Now you can't find nothing at all, If there was nothing there all along
So I watched the 20th anniversary edition of E.T. the other day. For anybody who doesn't know, this classic film was re-released four years ago (I think) with a couple of new scenes and some re-done special effects. The problem was, at the time I didn't know that I was watching the new edition, until I realised that I was watching a sequence that I had never seen before. Not a problem I thought, it's been a good ten years since I've seen this film all the way through, maybe I just forgot that this bit even happened.
However pretty soon I realised that this was the new version. And the reason I knew this was because the CGI that had been added to the film didn't look right. For the briefest of moments E.T., staring into a bathroom mirror, looked like he had just fallen out of The Incedibles.
Spielberg himself has stated that his intention with the new version of E.T. is not to change the story of the film in any way, but just to produce the film that he would have liked to have produced in 1982. Now I have no problem with this. If he was forced to cut a sequence because the technology of the time would not let him realise it realistically and he wants to re-instate this sequence then that is fine, providing that it is done properly.
Several changes have been made to this film, many of which are completely unnoticeable. These invisible changes should be applauded. They are unobtrusive, however when brought to the attention they do add a dimension to the film that might be seen to have been previously lacking. However there are other moments in the film when the changes that have been made are glaringly obvious.
Everybody knows that this film was made in the 1980s. Therefore any effects that obviously date from a later period are jarring. This can be seen in the sequence when E.T. creates a 3D model of the solar system in the bedroom and also in the newly re-instated sequences. Spielberg wanted to add subtelties to the creature's face in order to display more emotion than was possible in 1982. The intertion was to not produce any effects that made the audience realise that they were not watching the original film. The problem is that it frequently does.
The story is the same. As far as I can see there are only two new scenes (others exist but Spielberg was going to remove these at the time of the original), and these do not effect the plot in any way. However some of the CGI changes did draw attention to themselves. E.T. was never supposed to look like a man in a suit, but now he looks like a computer generated image. At least before this version you knew something was there.
This brings up the debate of remastering and re-issuing. I agree with Spielberg. If the director wanted something that may have been impossible at the time then a new version is acceptable, as long as it complies with the original viewing experience.
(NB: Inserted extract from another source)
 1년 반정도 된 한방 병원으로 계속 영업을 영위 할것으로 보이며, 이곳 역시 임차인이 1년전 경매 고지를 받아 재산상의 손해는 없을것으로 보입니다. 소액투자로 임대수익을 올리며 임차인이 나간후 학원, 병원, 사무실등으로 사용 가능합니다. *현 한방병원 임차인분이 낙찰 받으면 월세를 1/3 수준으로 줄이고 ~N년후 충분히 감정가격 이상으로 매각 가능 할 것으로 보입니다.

If at any point the viewer notices that something has changed then the update has failed. Using Star Wars as an example, correcting the light sabres is appropriate, replacing Sebastian Shaw with Hayden Christensen is not as it instantly becomes a different film.
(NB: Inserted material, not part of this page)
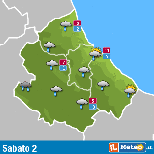 Nel teramano : deboli rovesci o piogge. I venti saranno prevalentemente deboli e soffieranno da Sud con intensità di 9 km/h. Possibili raffiche fino a 31 km/h. Temperature minime comprese tra 0 e 3 °C e massime comprese tra 7 e 10 °C. Zero termico a 2000 metri.

Clearly the three Star Wars films released on DVD and video recently are not the same films that were released from 1977 onwards. There is no problem with this as long as the originals are still available, which they are not. Similarly with E.T., Spielberg has attempted to update the film to do things that he could not do in 1982. The film, in his mind, is the same. However the moment that I realised that I was watching a different film to that which I was used to seeing demonstrated that this update had failed.
Anybody new to the film will obviously not see any problems and will, hopefully enjoy it as much as I, and many other people, did during the 80s, however, everytime I come to watch the DVD from now on I can't help but be made aware of the fact that although it looks almost exactly the same, this is not the same film that I am used to. Rather than ehancing the magic Spielberg has, unfortunately, managed to reduce the magic because everytime I see something that is different it pulls me out of the film and as a result continually makes the film appear to be a fiction and therefore unbelievable. As a result the film falls flat, which is a shame because it is one of the greatest childrens' films ever.